Down to the last line, print the data that follows exactly, without its pictures.

**Data below**
┌──
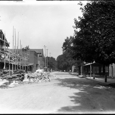 Pennsylvania National Guard Armory under construction. Looking west on State St. from about Church St. View also shows John Bader Meat Market, under awning on right.
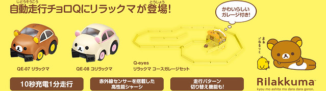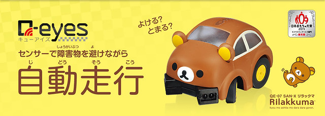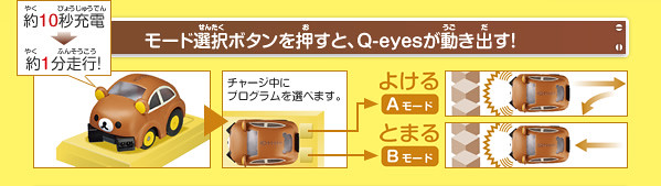 「Q-eyes」首款以拉拉熊車為主題,同時推出拉拉熊和妹妹兩款車輛種類,有興趣的玩具人可以參考下面官方的展示宣傳短片,「Q-eyes」的拉拉熊車可以自己避開障礙物向前行走的模樣相當有趣,另外還有販售其系列的拉拉熊車輛專用的車庫售價約5,500円日幣,提供給喜歡《拉拉熊》的玩具人參考。
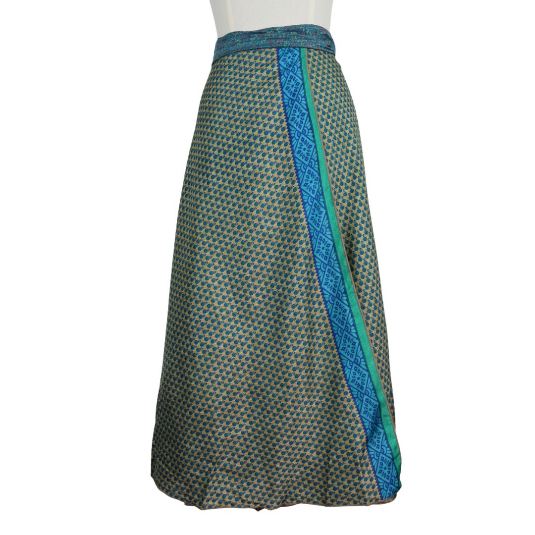 Traditionally Saris are often flamboyant and brightly coloured, frequently embroidered, and made from silk, cotton, or, in recent years, synthetic cloth such as viscose and polyester. We use retro Sari cloth in the majority of our garments so silk is a high component. It is not uncommon to find chiffon or georgette added into the mix which is why we refer to the skirts as a silk blend. We also use 'end of roll' sari fabrics.
└──
**Expected answer**
 Pennsylvania National Guard Armory under construction. Looking west on State St. from about Church St. View also shows John Bader Meat Market, under awning on right.
 「Q-eyes」首款以拉拉熊車為主題,同時推出拉拉熊和妹妹兩款車輛種類,有興趣的玩具人可以參考下面官方的展示宣傳短片,「Q-eyes」的拉拉熊車可以自己避開障礙物向前行走的模樣相當有趣,另外還有販售其系列的拉拉熊車輛專用的車庫售價約5,500円日幣,提供給喜歡《拉拉熊》的玩具人參考。
 Traditionally Saris are often flamboyant and brightly coloured, frequently embroidered, and made from silk, cotton, or, in recent years, synthetic cloth such as viscose and polyester. We use retro Sari cloth in the majority of our garments so silk is a high component. It is not uncommon to find chiffon or georgette added into the mix which is why we refer to the skirts as a silk blend. We also use 'end of roll' sari fabrics.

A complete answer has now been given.